Me habría alegrado estar en la X Conferencia de las Farc en el Yarí y, desde luego, en Cartagena en la firma del acuerdo de paz.
Por: Alfredo Molano Bravo - El Espectador.
También en las ceremonias del perdón en Bojayá y La Chinita. Sobra decir que votaré a conciencia plena por el Sí, aunque debo confesar, también, que por allá en no sé dónde, amaga una cierta nostalgia. No es necesario invitar a las izquierdas colombianas a votar por el Sí, aunque una parte de ellas nunca haya estado de acuerdo con la lucha armada. A la otra parte, la que apoyó, aunque fuera de corazón, las causas del alzamiento, tampoco habrá que darle razones para ir a votar por el fin de la guerra.
Con la extrema derecha, que se ha beneficiado política y económicamente con la sangre y el fuego que ha hecho correr por todo el país desde el 9 de abril, no hay nada que hacer. Votará por el No y si llegara a ganar —digo, si llegara a ganar—, empujará el país a un abismo.
Porque, ¿qué propone Uribe más allá de regocijarse en la soberbia del No? ¿Que las Farc y el Eln acepten ir a la cárcel, juzgados por una justicia que él no acepta y que los suyos evaden? Escribo, pues, para la gente que de buena fe cree que sólo si se hace sufrir a otro en la cárcel se paga el sufrimiento que ese otro haya provocado.

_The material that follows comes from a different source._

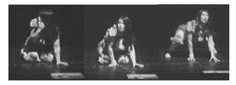
Ariel, the ethereal spirit: ascend ing movements Caliban, the beastly spirit. Low movements

fours, like a wild defeated animal: with his hands and both of his knees on the ground, and his head lowered. The good spirits place one knee only on the ground, keeping their backs straight and heads upwards. How one supports oneself (on one or both legs) constitutes, in this scene, a distinct postural trait which serves for actantial individualization. Adjuvant – winner, in a posture which compensates (by the ascending posture of the back and head) the downward meaning of kneeling. Opponent – defeated, bending his entire body towards the ground. Kinesic figures verbalized through the same term ("to kneel") correspond, on the semantic level, to different predicates (to conquer/ to be defeated) and different actants. The semantic (predicative) value of the two figures is established in the co(n)text.

No creo que el dolor de las víctimas se compense o se borre con el sufrimiento de sus victimarios presos en una cárcel. Lógica que, por lo demás, vale para todas las partes, también para los militares y paramilitares. No creo que la venganza cumplida sea un camino para salir de la guerra. Si así fuera, no tendríamos necesidad de un acuerdo de paz porque el conflicto ya habría terminado en la paz de los sepulcros. La venganza ha sido la gasolina del conflicto. Se tiene la torva idea de que la muerte del enemigo permite desahogar la ira, deshacerse del dolor, cuando en realidad lo que hace es alimentar tanto la una como el otro.
Y así, la cadena se prolonga. La guerra civil de los Mil Días finalizó no con la ejecución de Uribe Uribe en Ciénaga cuando entregó armas, sino cuando Reyes lo nombró embajador en Chile.
En cambio, ¿cuánta sangre ha costado vengar los muertos de las Bananeras del año 28, de Gaitán el 9 de abril, de Gachetá en el año 49, de El Líbano en el 52, de Marquetalia en el 64 y de ahí para acá, todas las muertes que se deben cargar en la cuenta del Frente Nacional cuando autorizó al Ejército a repartir armas a los civiles para vengar los muertos causados por la insurgencia?
¿Acaso las masacres que se desataron con la tolerancia del matrimonio entre las furias del interés privado, el narcotráfico y el paramilitarismo desde los años 80 han debilitado al menos un poquito la guerra?
¿Acaso la fórmula de apelar a “todas las formas de lucha”, utilizada tanto por las Farc como por los diferentes gobiernos, ha tenido un resultado distinto a fomentar la muerte y alargar sin término el conflicto?
En vez de un Día D para liquidar la guerra entre el Gobierno y las Farc, lo que la extrema derecha y sus aliados non santos buscan es que ese día vuelva a jugar la bolita hecha de soberbia y plomo. No podemos seguir pensando que un clavo saca otro clavo, que un ojo paga otro ojo, que la sangre baña la sangre.
Punto aparte: Es un gran honor para mí ser editado cada semana por la atinada mano de Jorge Cardona.